Selain Nicole, saya juga berteman dengan Allison yang memutuskan berpisah dari suaminya, setahun setelah anak pertama (dan satu-satunya) lahir. Sekarang putranya berusia 12 tahun, dan teman saya ini tetap single sampai sekarang. Lagi-lagi berat. Tapi ini tak memudarkan niatnya untuk mengaktualisasikan diri. Malahan, being single, menurutnya memudahkan dia untuk mengejar mimpi-mimpinya dan tinggal di banyak negara, mulai dari Cina, Amerika, hingga kini Australia. She’s a qualified nurse and social worker with law and public policy degree. What could be more? And in doing so, she provides her son with a lot of great experiences.

Tapi tanya mereka, apakah keputusan untuk meninggalkan abusive partner itu mudah? A big NO is what you get. Butuh bertahun-tahun dan kesempatan emas di ANU untuk Nicole berani bercerai. Butuh sakit hati berkepanjangan dan dukungan keluarga untuk Gladys berani berpisah. Tanya mereka, seberapa dalam perasaan mereka kepada partner-nya? Chances are, they will say, ‘Of course I love him’.

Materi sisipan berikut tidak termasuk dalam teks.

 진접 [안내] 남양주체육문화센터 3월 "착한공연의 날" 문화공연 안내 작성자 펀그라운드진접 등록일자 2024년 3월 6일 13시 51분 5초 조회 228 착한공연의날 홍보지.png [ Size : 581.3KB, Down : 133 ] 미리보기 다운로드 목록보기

Jika Nicole dan Gladys berakhir dengan manis, saya belum tahu apa yang bakal terjadi dengan Sophie. Karena takut kehilangan kepercayaannya (nantinya kalau ada apa-apa dengan dia, Sophie tak mau cerita lagi), saya berusaha menerima kehadiran George. Beberapa kali kita clubbing, saya dan seorang teman lain harus rela ‘dikawal’ oleh George dan bermanis-manis ria karena jika tidak, Sophie harus menanggung konsekuensinya. Di farewell party saya, George hadir. Betapa saya ingin mengatakan ‘Leave her alone’, but instead I said, ‘Please treat her well’.

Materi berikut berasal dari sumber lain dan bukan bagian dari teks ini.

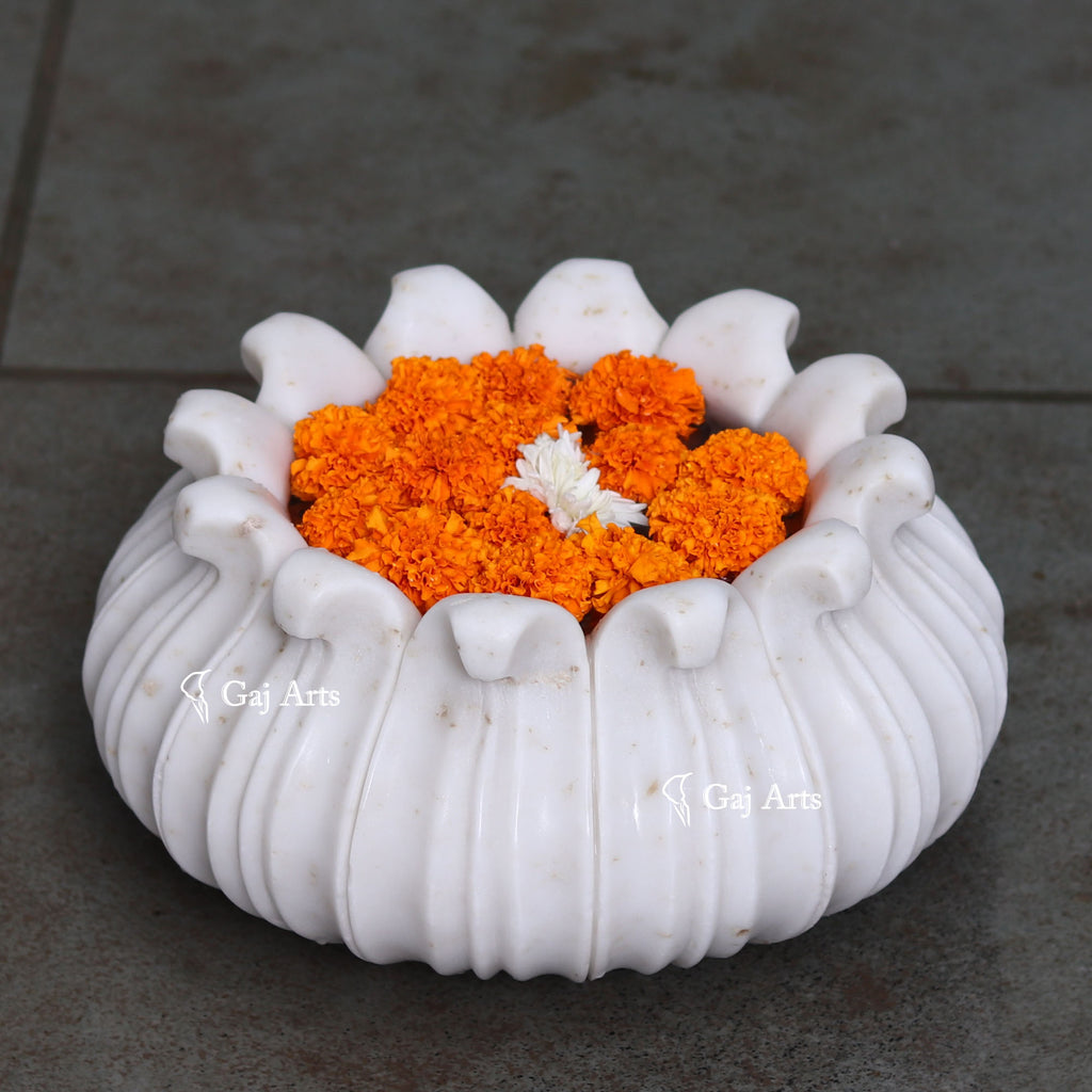 - Marble Flower Bowl, Flower Floater, Uruli,Home decoration, decorative Marble Flower Bowl,Shaped in a lovely flower.The intricacy of carving is incredible with all features clearly visible. It can be placed in Pooja room before the idols .It can also be placed right in living room well complimented by other décor items and related interior design accessories or place in balcony or entrance area to enhance peace of mind at home and office. It’s a charming item that could be a unique addition to your Home,office or special gift.

Saya masih harus belajar banyak. Dulu, saya selalu percaya bahwa manusia itu rasional dan kalkulatif (no wonder I never work out my relationship :P). Namun, Sophie memaksa saya untuk meredefinisikan perspektif saya. Seperti kala itu, Sophie menunjukkan bahwa feelings, no matter how irrational they might be, are integral part of human decision.

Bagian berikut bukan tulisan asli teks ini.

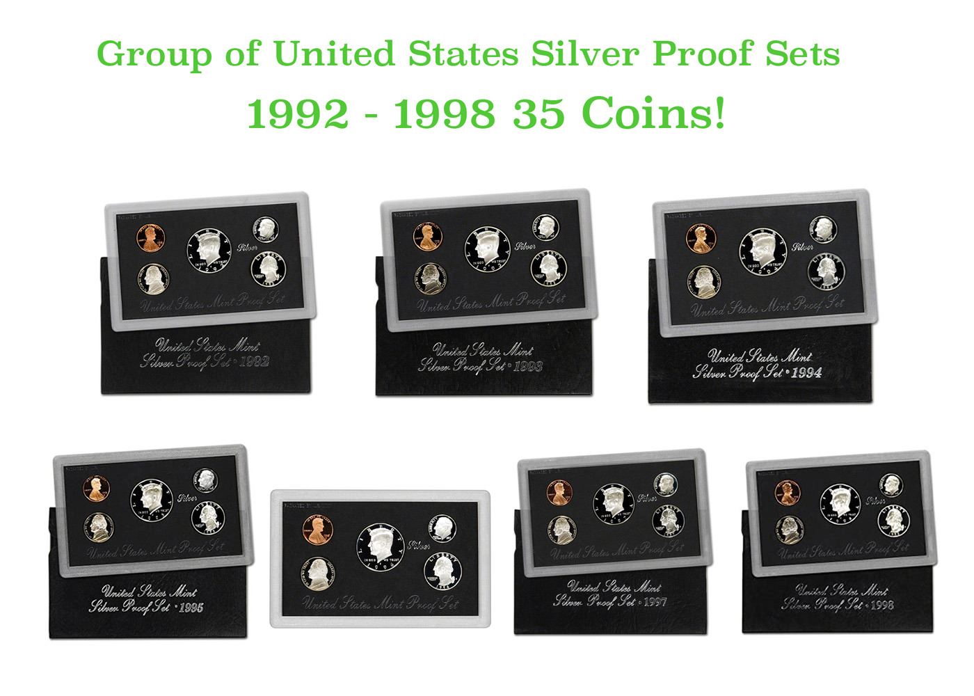1992-1998 United States Mint Silver Proof Set. 35 coins in total.

*Semua nama adalah nama samaran

**Ada beberapa yang berargumen definisi budaya patriakis yang umum digunakan sangat simplistik. Perempuan Samoa misalnya mempunyai power yang besar tergantung posisinya di dalam sebuah klan. Segregasi public and private juga memberikan keuntungan buat mobilitas perempuan dan menentukan peran krusial mereka dalam masyarakat. Intinya kalau perempuan mogok masak, tak ada pekerjaan public yang bisa terselesaikan. Banyak yang berpendapat urbanisasi dan industrialisasi-lah yang menciptakan ruang kekerasan thd perempuan.